I attempted to implement a main class, whose sole job was to change out states, like the projector operator at a cinema; but where I really feel short was just in the way I structured the game specific objects. The map, the tiles, and the pieces that went on top of that.

Fast forward to today, I've gone from Java to C++ (partially so I can be closer to the SDL libraries, and hopefully OpenGL later on down the line). I'm working on a basis for the game to work off of. I'm attempting to create a more dynamic, cell-based, map model. Something to really breathe life into the towns and surrounding areas that the player might inhabit. The question I have (if you've managed to read this far down my rant ) is on how to setup the couple of classes that I want to work with each other as far as "towns" are concerned.

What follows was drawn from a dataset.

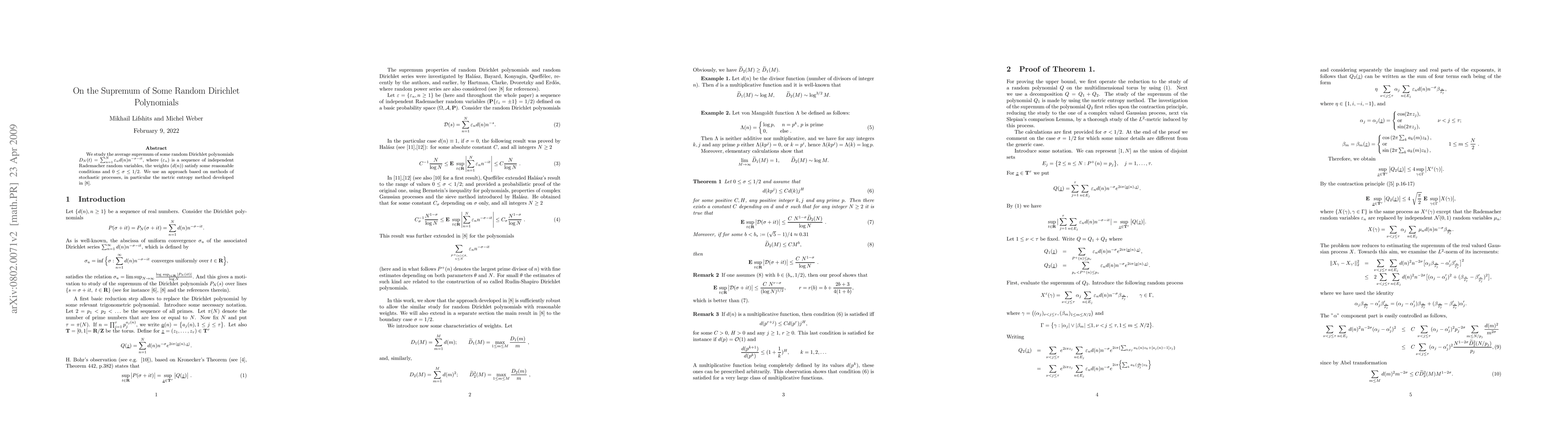 This paper investigates the supremum of random Dirichlet polynomials with independent coefficients, providing sharp upper and lower bounds for the supremum expectation. The study extends previous results using methods from stochastic processes, specifically the metric entropy method.

So far, I have a Tile Block, which will receive information on what type of tie it is (water, mountain, hill, etc), and then what sort of environment goes on top of that (forest, desert, etc), and it'll then be able to hold some sort of human inhabitibility, a town or settlement of some form. That part is 'simple'. As for the towns I've seperated Citizens out (I'll work on specializing them later), and then I have a town class, which will do things like manage all of the things that are pertainent, like which of the factors make the town succeusful, and what things it struggles with (i,e, timber if it's in a forest, and having a lack of metals for tools, or viable farm space, etc). Then, on top of that I have a Government class, which will manage things like taxing the Citizens, and maintain the towns strengths (funding a militia, etc). These governments will communicate amoungst one another, and vie for power, etc. I plan on having them being exchangable (i.e. if one town takes another, and installs it's own leader).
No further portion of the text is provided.